Yanno, for a D&D movie i really wouldnt expect any less. Its NOT LOTR, its the DUNGEONS AND DRAGONS movie, and frankly i think that fits in.

In what game DONT you hear lines like that?

Campyness like that is what made The Gamers such a good D&D film too.

I watched D&D2 this morning and I liked it. It was better then the first one, and I appreicated the level of campyness in this one. 

Damodar however, really did get gimped, oh well.


----------



## Fast Learner (Aug 30, 2005)

That Earthsea mini kicked this movie's ass in special effects, and was in every other way quite inferior.

The first one wasn't campy, it was just accidentally stupid.


----------



## Altamont Ravenard (Aug 30, 2005)

Did you all notice that the actor playing the lich had trouble talking, as if his big teeth were about to fall out?

AR


----------



## Viking Bastard (Aug 31, 2005)

Heh, yeah. 

Very Buffyesque makeup.


----------



## Fast Learner (Aug 31, 2005)

This is the spoiler-free thread. Mentioning specific creatures like that is a bad idea, even if it doesn't specifically give away plot, imo.


----------



## Felon (Aug 31, 2005)

Altamont Ravenard said:
			
		

> For those who said that you can't make a RPG system into a movie, well, I'd say you're wrong.




Well, I don't know about RPG's on the whole, but there are those who have said you can't make _D&D_ into a movie, and if you say they're wrong, then I would say this movie doesn't back you up. They certainly took the easy way out of a lot of the elements of D&D that don't make for good storytelling, chiefly by killing the cleric early in the story so there wouldn't be one in the party to heal or raise characters later on.


----------



## Dioltach (Aug 31, 2005)

Altamont Ravenard said:
			
		

> For those who said that you can't make a RPG system into a movie, well, I'd say you're wrong.
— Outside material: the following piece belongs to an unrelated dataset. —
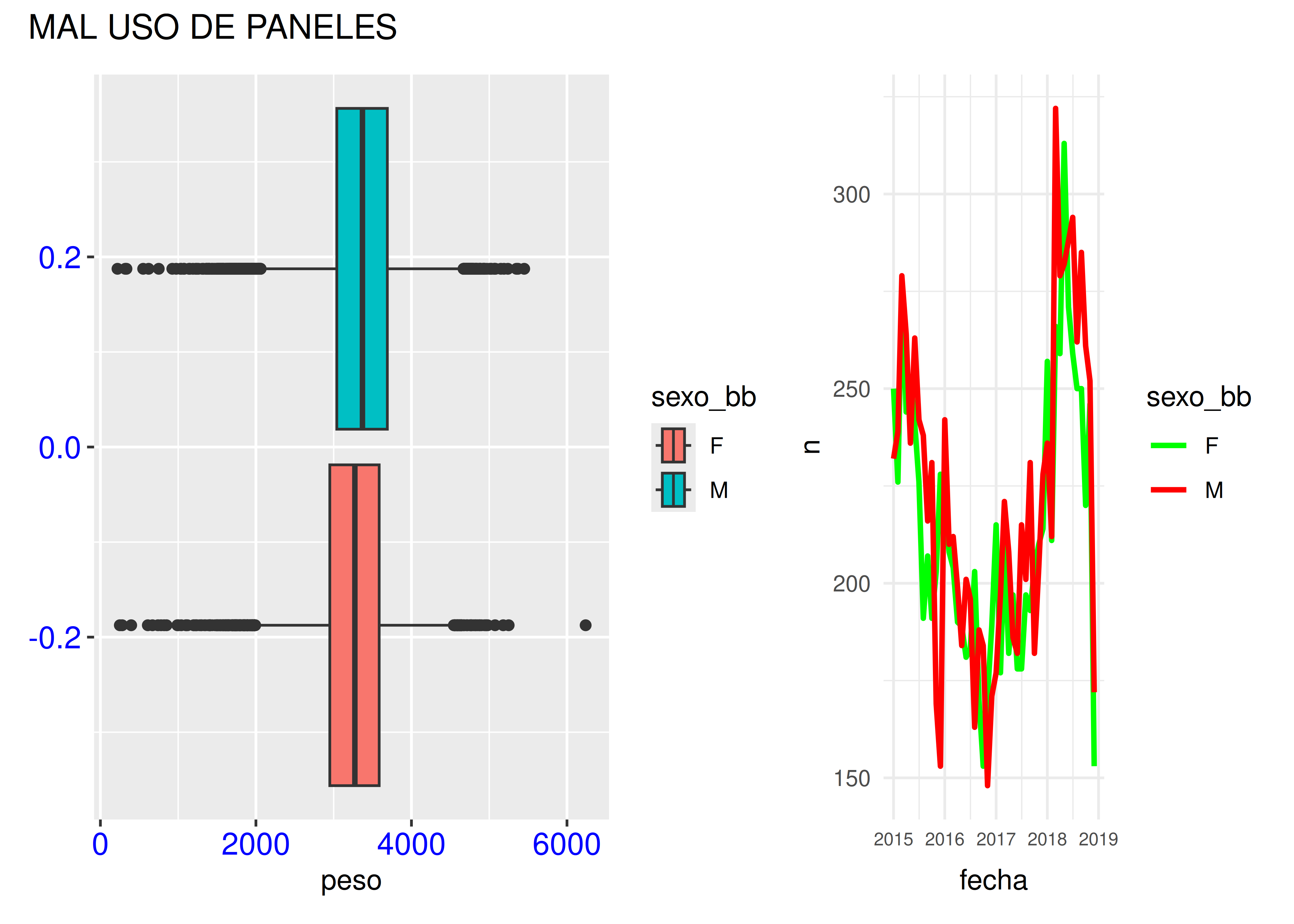 - Cuando la cantidad de información visualizada es abundante, resulta importante aclarar bien qué variable(s) estamos viendo en cada panel. En este sentido, el paquete

Yeah, that Lucas guy did a pretty good job with SWRPG!


----------



## draco2005 (Sep 3, 2005)

One question in regard to the D&D 2 movie.  Where can I find a trailer for it?  Also, will it be in the big screen, or just in DVD. and when is it coming out?  Thanks!


----------



## AdmundfortGeographer (Sep 3, 2005)

In the US, it will premier October 8th on Sci-Fi. Then DVD release in November.


----------



## Wormwood (Sep 3, 2005)

Just saw it. I'll buy the DVD just to assuage my consienece. 

It's like Order of the Stick: the Movie...without the funny bits.

ps. Bruce Payne is the balls.

pps. Hello? They mention the Ghost Tower of Inverness and the Barrier Peaks! That alone is worth a geekgasm. This movie rocks!

ppps. I'm going to stop posting while drunk. But before I do..I BEG you to watch this movie. it's awesome!

pppps. Oh, and the rogue acts EXACTLY like every thief I've ever played in any game system. Bless his little mohawk.


----------



## Upper_Krust (Sep 4, 2005)

*I finally got to see the movie.*

Hi all! 

Okay, I watched the movie today.   

Personally I think gamers will get a kick out of it, but I am not so sure the general movie going audience would, so it was probably a wise decision going straight to television/dvd.

I thought the special effects were at least as good as the first movie, if not better, and when you consider it had only 1/5th the budget thats pretty good going.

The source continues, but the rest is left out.